A week ago three people died while they were walking down Swanston Street. One was a French research fellow at Monash. The other two were a young brother and sister on their way to the footy. I published a post about the wall that collapsed on Sunday, gathering together what I could find from publicly available web pages. I didn’t expect the level of reaction I got. I was contacted by all sorts of mainstream media outlets, many in search of speculative comment. My investigations were made not because I consider myself an expert in walls and wind, but because I knew how to do it relatively quickly, and because I wanted to do something.

This was an accident of the “waiting to happen” variety. No one wanted it to happen, but no one seems to have done anything to prevent it happening either. The organisations involved, the way they interact, and the regulations governing them all, could do with some improvement. But conclusions should be left to the inquiries. We should be watching these inquiries, demanding an independent one, and making sure they have all the information they can get to work with.

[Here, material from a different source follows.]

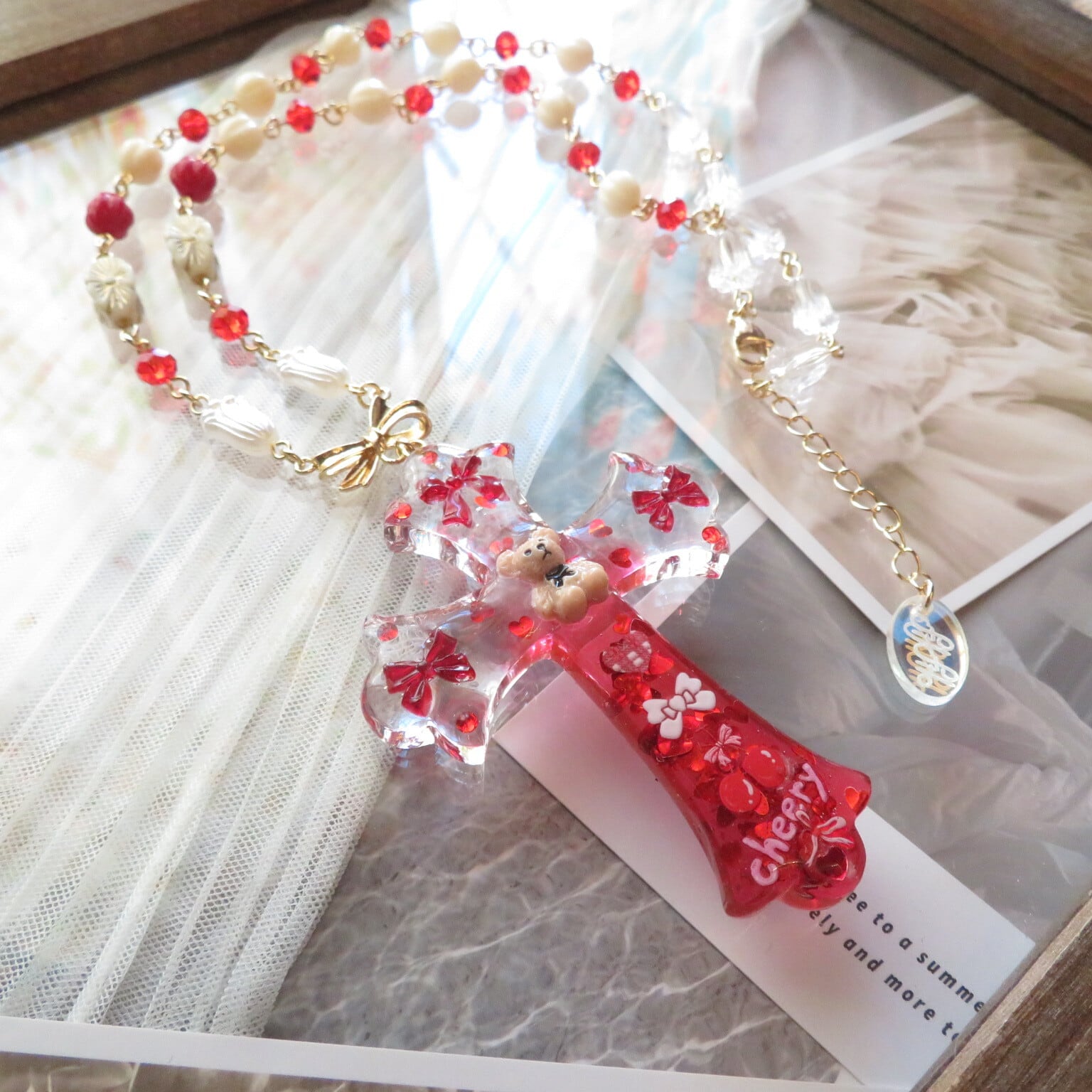 今年3回目の登場のハートホロシリーズです。今回はチェーンがシンプルですがクリアに赤というのはいつ着けても可愛らしいですよね。今年はこちらたくさん作りましたので一旦終了となります。

On Thursday I happened to pass the site again. Once again it had altered. A bulldozer was scraping up the debris while a man hosed the dust down. A WorkSafe officer was taking photos of what remained of the footings. A group of random people were gathered at the makeshift shrine, paying their respects .

Here are some further observations about the wall – they aren’t conclusions. The previous post is here.

wind and contour overlay
Overlay showing ground (2009), contours, approximate wind direction, and approximate positions of the collapse (red line), the mounds on March 28 (green ellipses – about 1.5m high), and the 7.2m high stacked containers.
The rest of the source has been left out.